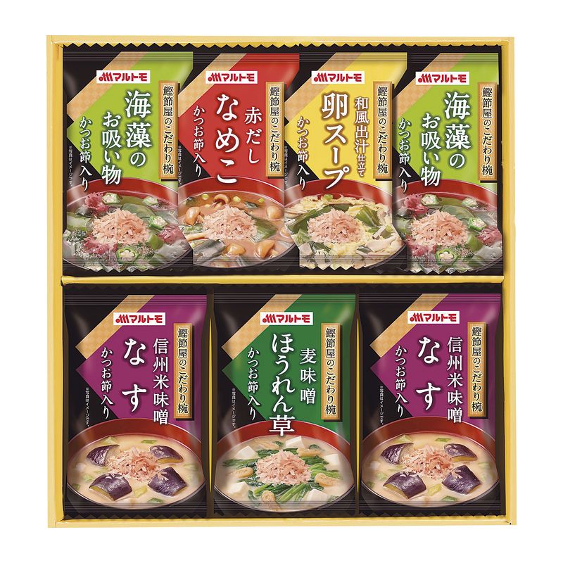 フリーズドライの即席みそ汁と卵スープの詰合せギフト。 ・かつお刻み節を加え、旨味、コク味ともにアップ!4種全てにかつお刻み節入り ・具材に合った味噌を使用! ・食べたい時にお湯をそそぐだけ!おいしいおみそ汁がすぐに食べられます!
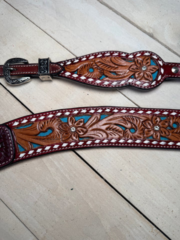 Make a bold statement in the saddle with this burgundy oil one ear bridle and breast collar set, featuring a stunning mix of floral tooling, basket stamping, and teal underlay for the perfect blend of traditional Western style and vibrant color.
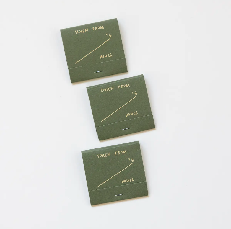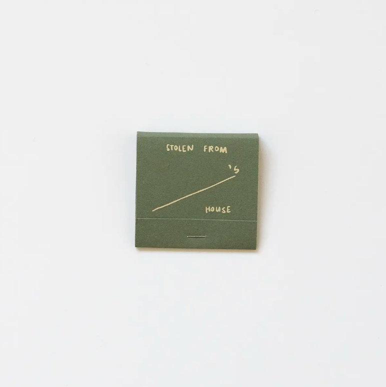 Our matchbox features a charming design that says "Stolen from _____'s house" in a playful font. It's a fun touch that adds to any housewarming party.
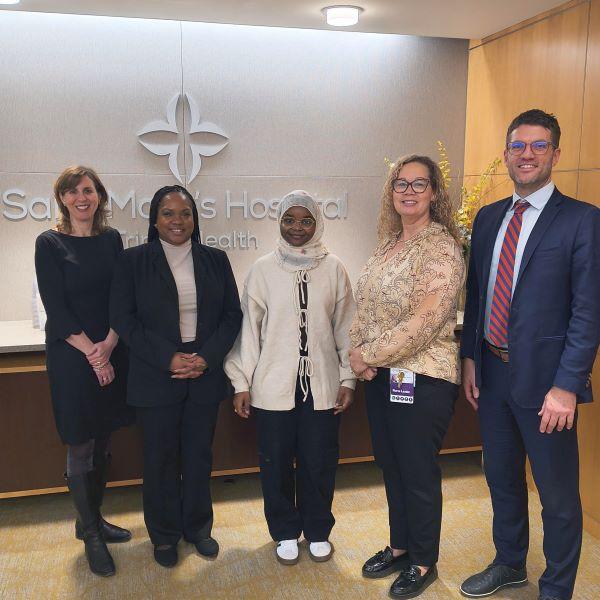 | | From left to right:Hedy Ayers, Waterbury Promise's Director of Development and Community Engagement, Kelonda Maull, Waterbury Promise’s Executive Director, Hauwa Mahe, Waterbury Promise Plus Program mentee, Shawna Edwards, DNP, MSN, RN, Chief Nursing Officer of Saint Mary's Hospital, and Robert Roose, MD, MPH, President of Saint Mary’s Hospital | | |
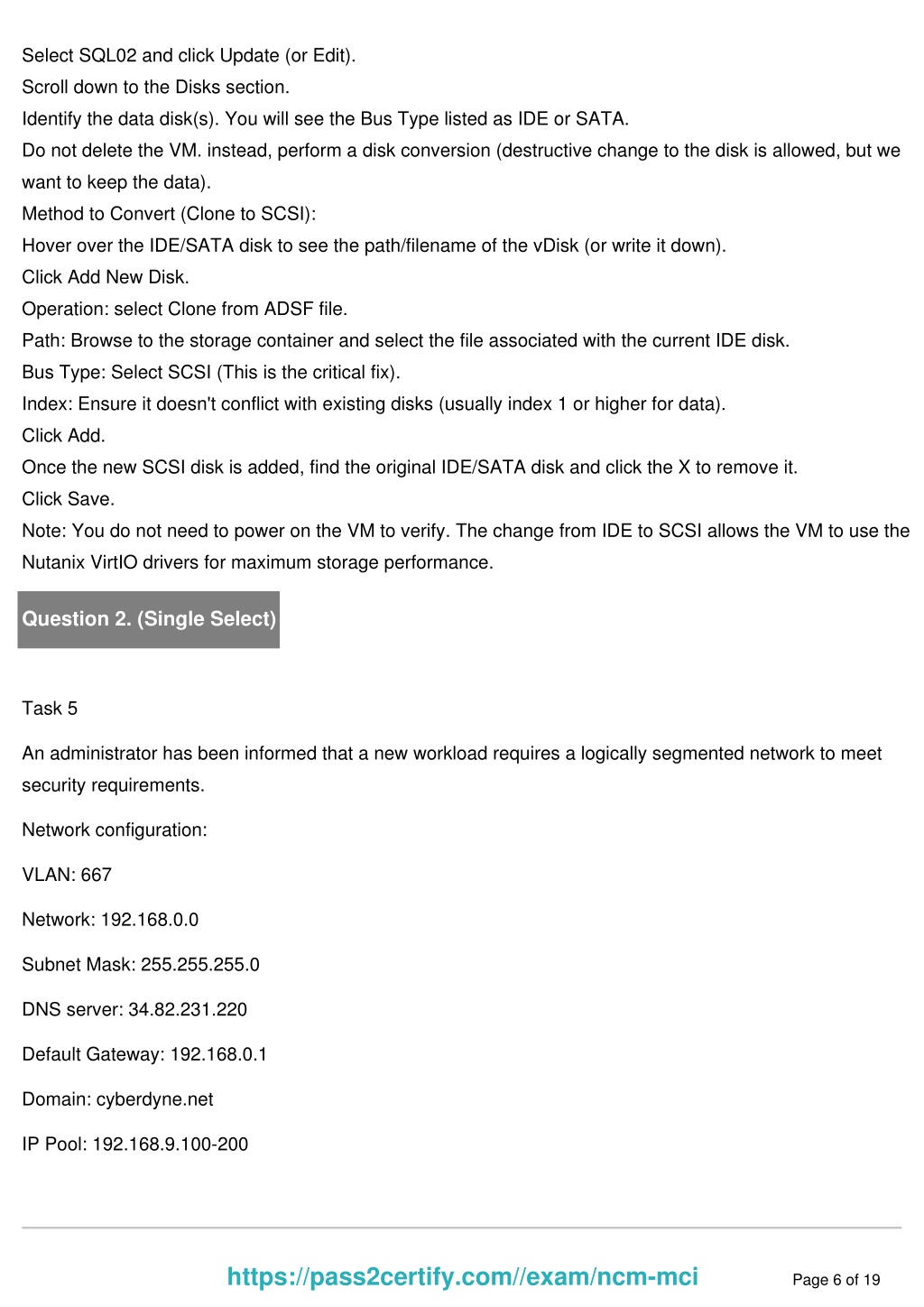 Select SQL02 and click Update (or Edit). Scroll down to the Disks section. Identify the data disk(s). You will see the Bus Type listed as IDE or SATA. Do not delete the VM. instead, perform a disk conversion (destructive change to the disk is allowed, but we want to keep the data). Method to Convert (Clone to SCSI): Hover over the IDE/SATA disk to see the path/filename of the vDisk (or write it down). Click Add New Disk. Operation: select Clone from ADSF file. Path: Browse to the storage container and select the file associated with the current IDE disk. Bus Type: Select SCSI (This is the critical fix). Index: Ensure it doesn't conflict with existing disks (usually index 1 or higher for data). Click Add. Once the new SCSI disk is added, find the original IDE/SATA disk and click the X to remove it. Click Save. Note: You do not need to power on the VM to verify. The change from IDE to SCSI allows the VM to use the Nutanix VirtIO drivers for maximum storage performance. Question 2. (Single Select) Task 5 An administrator has been informed that a new workload requires a logically segmented network to meet security requirements. Network configuration: VLAN: 667 Network: 192.168.0.0 Subnet Mask: 255.255.255.0 DNS server: 34.82.231.220 Default Gateway: 192.168.0.1 Domain: cyberdyne.net IP Pool: 192.168.9.100-200 https://pass2certify.com//exam/ncm-mci Page 6 of 19
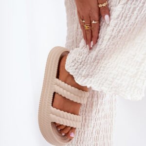 Klapki damskie wykonane z lekkiego piankowego materiału, osadzone na platformie, które oferują wygodę przez cały dzień. Dwa paski z przodu zapewniają stabilność i pewność podczas chodzenia. Idealne na gorące dni, te klapki to doskonały wybór na wakacje, czas przy basenie lub na plaży, łącząc funkcjonalność z komfortem.
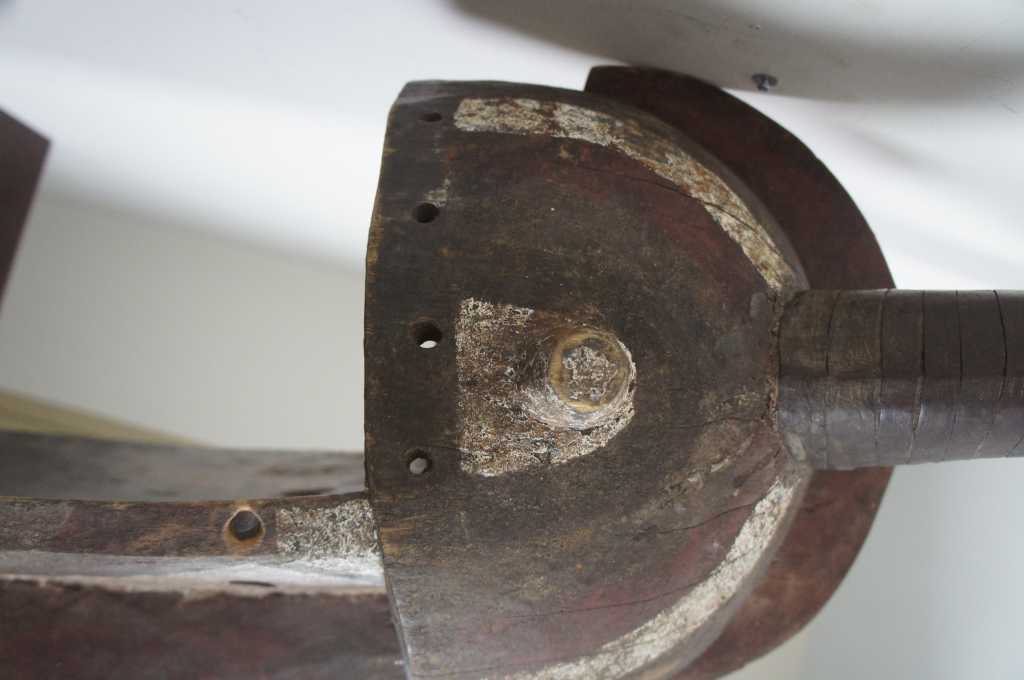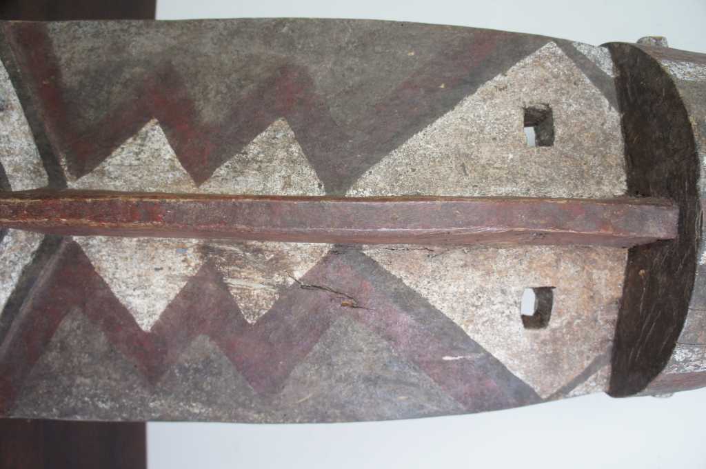 Monumental tribal hardwood horned bobo mask. The perfect sculptural wall object for any setting. Meticulously crafted with a pierced Galea style helmet and leather wrapped horns. Painted in a red white and gray.
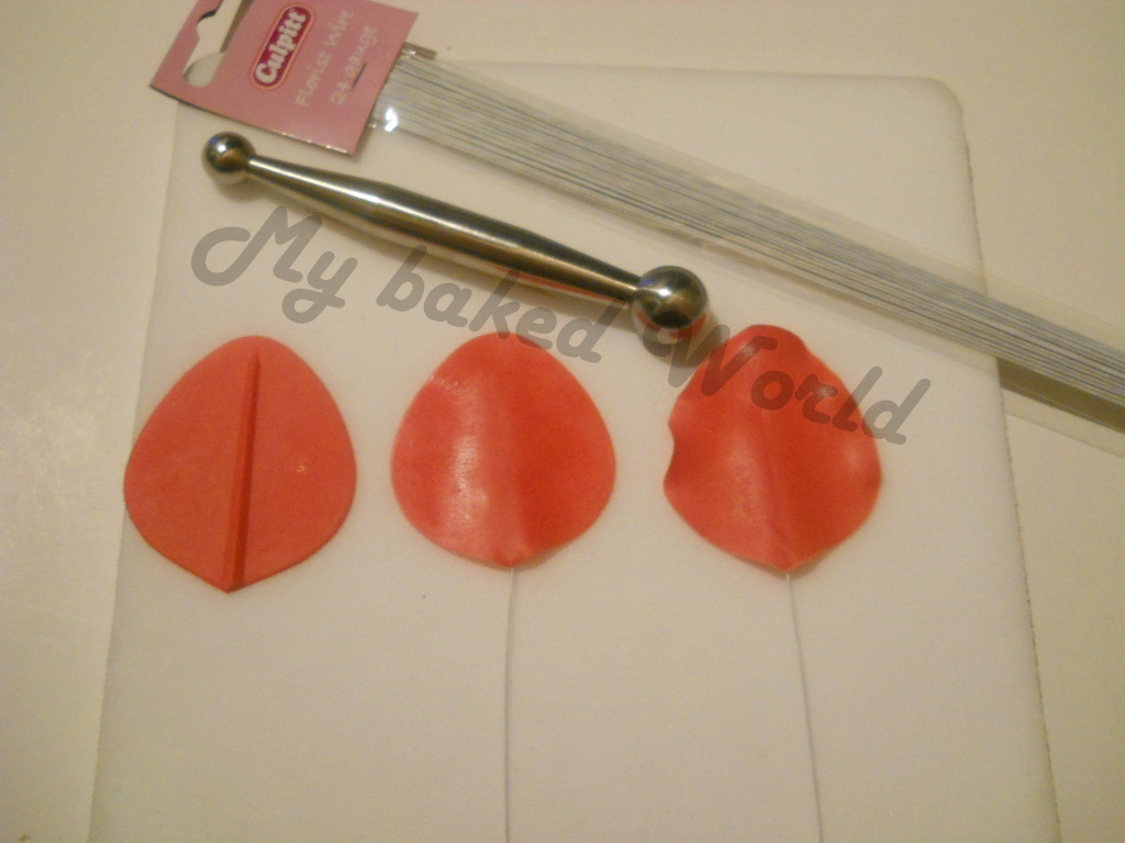 Раскатать на специально доске с углублениями, вырезаем формочкой и вставляем проволоку №26 смазанную клеем в паз. Обрабатываем края лепестков булькой. Делаем таких лепестков 6 шт.

### Directions for this task
Exclude every picture and restate the listing word for word.

### Written solution
 フリーズドライの即席みそ汁と卵スープの詰合せギフト。 ・かつお刻み節を加え、旨味、コク味ともにアップ!4種全てにかつお刻み節入り ・具材に合った味噌を使用! ・食べたい時にお湯をそそぐだけ!おいしいおみそ汁がすぐに食べられます!
 Make a bold statement in the saddle with this burgundy oil one ear bridle and breast collar set, featuring a stunning mix of floral tooling, basket stamping, and teal underlay for the perfect blend of traditional Western style and vibrant color.
 Our matchbox features a charming design that says "Stolen from _____'s house" in a playful font. It's a fun touch that adds to any housewarming party.
 | | From left to right:Hedy Ayers, Waterbury Promise's Director of Development and Community Engagement, Kelonda Maull, Waterbury Promise’s Executive Director, Hauwa Mahe, Waterbury Promise Plus Program mentee, Shawna Edwards, DNP, MSN, RN, Chief Nursing Officer of Saint Mary's Hospital, and Robert Roose, MD, MPH, President of Saint Mary’s Hospital | | |
 Select SQL02 and click Update (or Edit). Scroll down to the Disks section. Identify the data disk(s). You will see the Bus Type listed as IDE or SATA. Do not delete the VM. instead, perform a disk conversion (destructive change to the disk is allowed, but we want to keep the data). Method to Convert (Clone to SCSI): Hover over the IDE/SATA disk to see the path/filename of the vDisk (or write it down). Click Add New Disk. Operation: select Clone from ADSF file. Path: Browse to the storage container and select the file associated with the current IDE disk. Bus Type: Select SCSI (This is the critical fix). Index: Ensure it doesn't conflict with existing disks (usually index 1 or higher for data). Click Add. Once the new SCSI disk is added, find the original IDE/SATA disk and click the X to remove it. Click Save. Note: You do not need to power on the VM to verify. The change from IDE to SCSI allows the VM to use the Nutanix VirtIO drivers for maximum storage performance. Question 2. (Single Select) Task 5 An administrator has been informed that a new workload requires a logically segmented network to meet security requirements. Network configuration: VLAN: 667 Network: 192.168.0.0 Subnet Mask: 255.255.255.0 DNS server: 34.82.231.220 Default Gateway: 192.168.0.1 Domain: cyberdyne.net IP Pool: 192.168.9.100-200 https://pass2certify.com//exam/ncm-mci Page 6 of 19
 Klapki damskie wykonane z lekkiego piankowego materiału, osadzone na platformie, które oferują wygodę przez cały dzień. Dwa paski z przodu zapewniają stabilność i pewność podczas chodzenia. Idealne na gorące dni, te klapki to doskonały wybór na wakacje, czas przy basenie lub na plaży, łącząc funkcjonalność z komfortem.
 Monumental tribal hardwood horned bobo mask. The perfect sculptural wall object for any setting. Meticulously crafted with a pierced Galea style helmet and leather wrapped horns. Painted in a red white and gray.
 Раскатать на специально доске с углублениями, вырезаем формочкой и вставляем проволоку №26 смазанную клеем в паз. Обрабатываем края лепестков булькой. Делаем таких лепестков 6 шт.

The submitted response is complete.